This design makes a deliberate prefix cache tradeoff:

Analysis channel is dropped from history. When a later final-channel assistant message exists, the preceding analysis (thinking) message is excluded from the next turn’s input. This means GPT-OSS doesn’t preserve CoT in multi-turn conversations, and the prefix necessarily breaks at assistant messages.

This is not a bug but an intentional design decision:

  • Dropping CoT significantly shortens input length, reducing computation costs
  • OpenAI’s reasoning models (o-series) also don’t expose reasoning tokens in the API
  • For tool call turns, if the assistant message only has tool calls without a subsequent final message, analysis is preserved

Another tool call issue: tojson double-encoding of string arguments.
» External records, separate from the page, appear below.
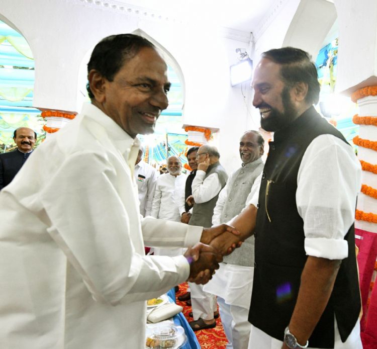 Governor of Andhra Pradesh and Telangana E.S.L. Narasimhan organized a Dinner at Raj Bhavan and many leaders including CM KCR and Janasena Chief Pawan Kalyan attended the event.
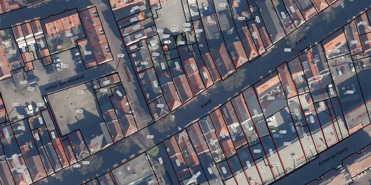 Het adres ligt op het perceel AMF00-E-8669, dat zich in de kadastrale gemeente Amersfoort bevindt. De gemiddelde perceelgrootte in Amersfoort is 960,23 m². Dit perceel is kleiner: de perceeloppervlakte bedraagt 181 m². Het grootste perceel in de kadastrale gemeente is 1,12 km². Het kleinste perceel heeft een oppervlakte van 0 m². Op het perceel liggen in totaal 2 adressen. De laatste wijziging in het de Basisregistratie Kadaster (BRK) was op 06-10-2004.
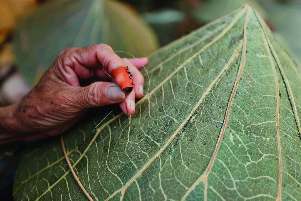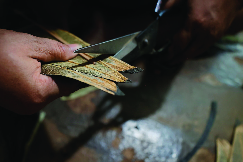 | Les feuilles de lotus sont traitées à travers plusieurs étapes avant d’être transformées. |
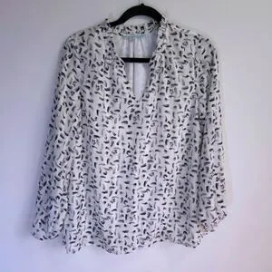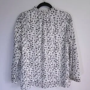 Enhance your blouse collection with our relaxed fit chiffon blouse for spring and summer. It features a V-neck to show off your favorite necklace and feminine ruffle detail around the collar. The fine, metallic striping adds a bit of shimmer to your ensemble.
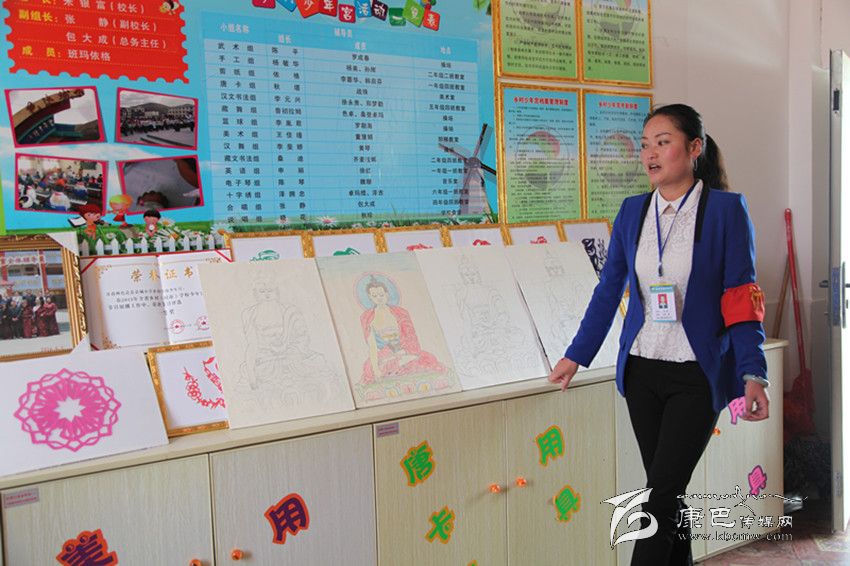 在少年宮孩子們參加格薩爾說唱表演的照片和一件件作品前,負(fù)責(zé)少年宮教學(xué)的張靜老師告訴記者,本著弘揚(yáng)傳承傳統(tǒng)文化的宗旨,少年宮目前設(shè)有14個(gè)興趣小組,包括唐卡、說唱、舞蹈、剪紙、藏文書法、手工、電子琴等,有30多名輔導(dǎo)老師利用業(yè)余時(shí)間和自己的特長(zhǎng)從事教學(xué)工作,另外,在色達(dá)縣委宣傳部的支持下,縣文化館還專門選派了兩名輔導(dǎo)員擔(dān)任說唱組的教學(xué)工作。
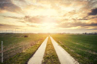 Concrete county road at sunset.
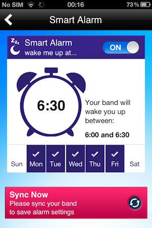 Перед сном браслет нужно перевести в специальный режим с помощью нажатия кнопки (я об этом не знал и в первую ночь использования браслета проспал совершенно впустую), после чего браслет будет отслеживать различные фазы вашего сна. Как соответствующий бонус - возможность установить диапазон времени для срабатывания будильника (как правило, это полчаса), чтобы браслет разбудил вас нежной вибрацией в наиболее подходящую фазу сна. Только выставлять будильник приходится на айфоне, а потом синхронизировать это все с браслетом.
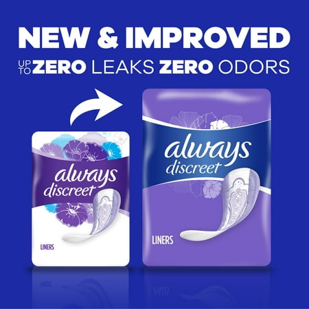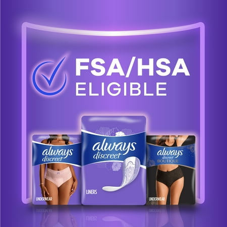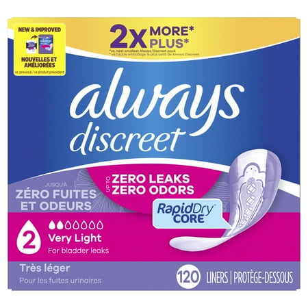 PROTECTION YOU WILL BARELY FEEL that won't hold you back MADE DIFFERENTLY - Hidden RapidDry core turns liquid to gel and locks it away END TO END CORE WITH SIDE LEAKGUARDS to help keep wetness away from the edges LINERS STAY COMFORTABLY IN PLACE and are discreet under your clothing FIND THE RIGHT SIZE PAD OR PANTILINER FOR YOU using the Always Discreet My Fit size chart INCONTINENCE PADS AND PANTILINERS FOR WOMEN ARE FSA AND HAS ELIGIBLE Very Light, 120 Ct

The chat template uses:

{{- tool_call.arguments|tojson }}

If arguments is already a JSON string (e.g., '{"location": "Beijing"}'), tojson JSON-encodes the string itself, producing "{\"location\": \"Beijing\"}" — double escaping. This breaks prefix matching. The fix: pass arguments as a dict (after json.loads), so tojson produces correct JSON. Our tests confirm prefix cache hits when arguments are passed as dict.

5. The Role of Inference Engines: vLLM and SGLang

Inference engines play a middleman role in the prefix cache chain:

  1. Receive model-generated raw tokens → reasoning parser separates reasoning_content and content → tool parser extracts tool_calls → return structured API response
  2. Receive next-turn messages → chat template serializes to text → tokenize → feed to model

If the parsing in (1) and serialization in (2) are asymmetric, prefix cache fails.
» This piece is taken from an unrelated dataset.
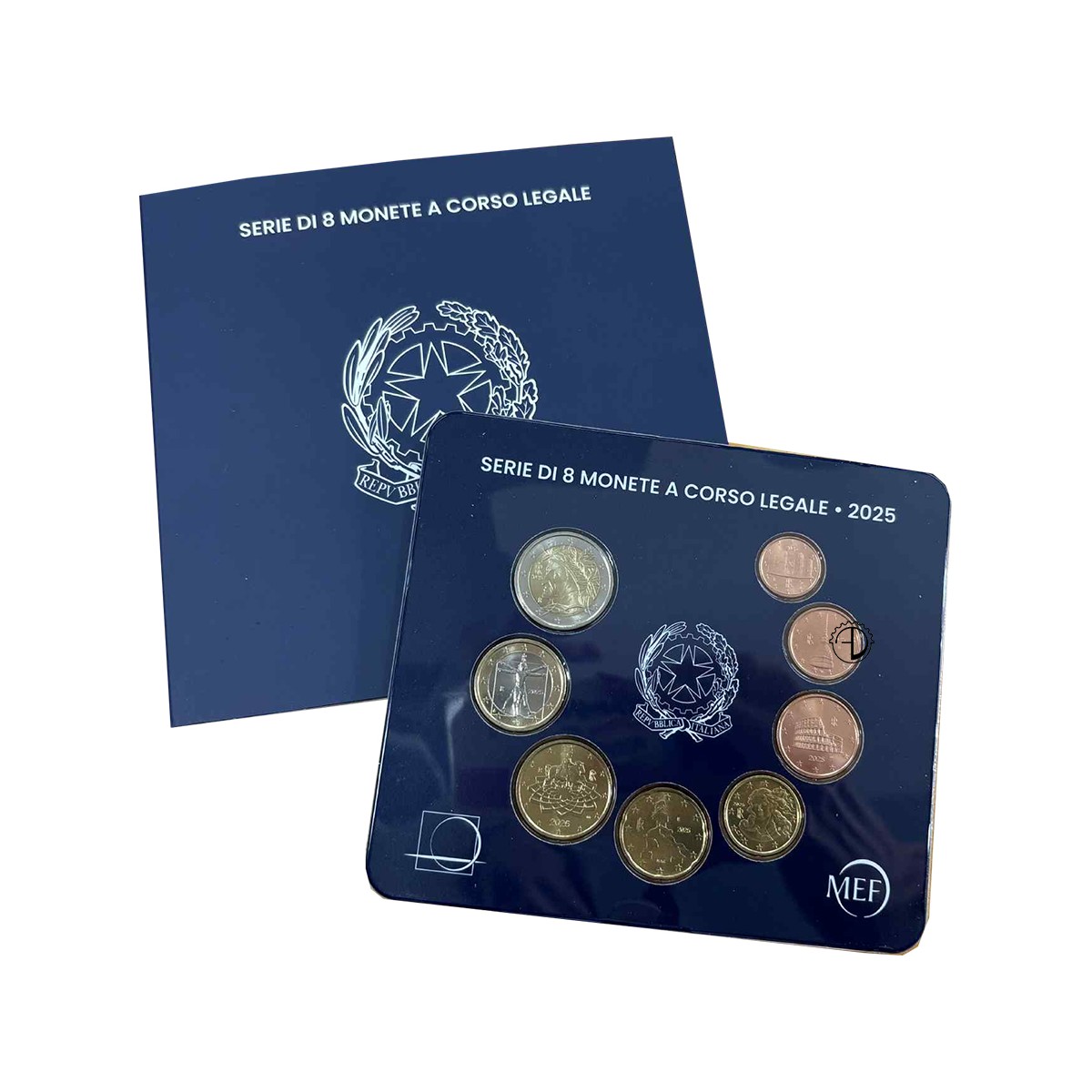 Questa divisionale è composta da 8 pezzi nella versione FDC, costituita dalle monete da 1 – 2 – 5 – 10 – 20 e 50 eurocent – 1 e 2 euro.

5.1 The rstrip() Problem in Reasoning Parsers

Both vLLM and SGLang implement per-model reasoning parsers [6] [7]. A common pattern:

# SGLang BaseReasoningFormatDetector
reasoning_text = text[:end_pos]
reasoning_text = reasoning_text.rstrip()  # ← strips trailing whitespace

rstrip() removes trailing whitespace from reasoning content. If the model generates a trailing newline in reasoning (<think>content\n</think>), the parser returns reasoning_content without the newline. When the chat template backfills with <think>\n + reasoning_content + \n</think>, the newline count may be inconsistent.

5.2 JSON Re-serialization in Tool Parsers

Both vLLM and SGLang tool parsers use json.dumps(arguments, ensure_ascii=False) to serialize arguments [6] [7]. Python’s json.dumps defaults to (", ", ": ") separators. If the model generated compact format {"key":"value"}, re-serialization produces {"key": "value"}.

For models using JSON-format tool calls (like GPT-OSS), this is a source of prefix cache inconsistency. But for Qwen (XML params), GLM (XML tags), DeepSeek (DSML with string flag), and Kimi (arguments pass-through), JSON re-serialization is not an issue.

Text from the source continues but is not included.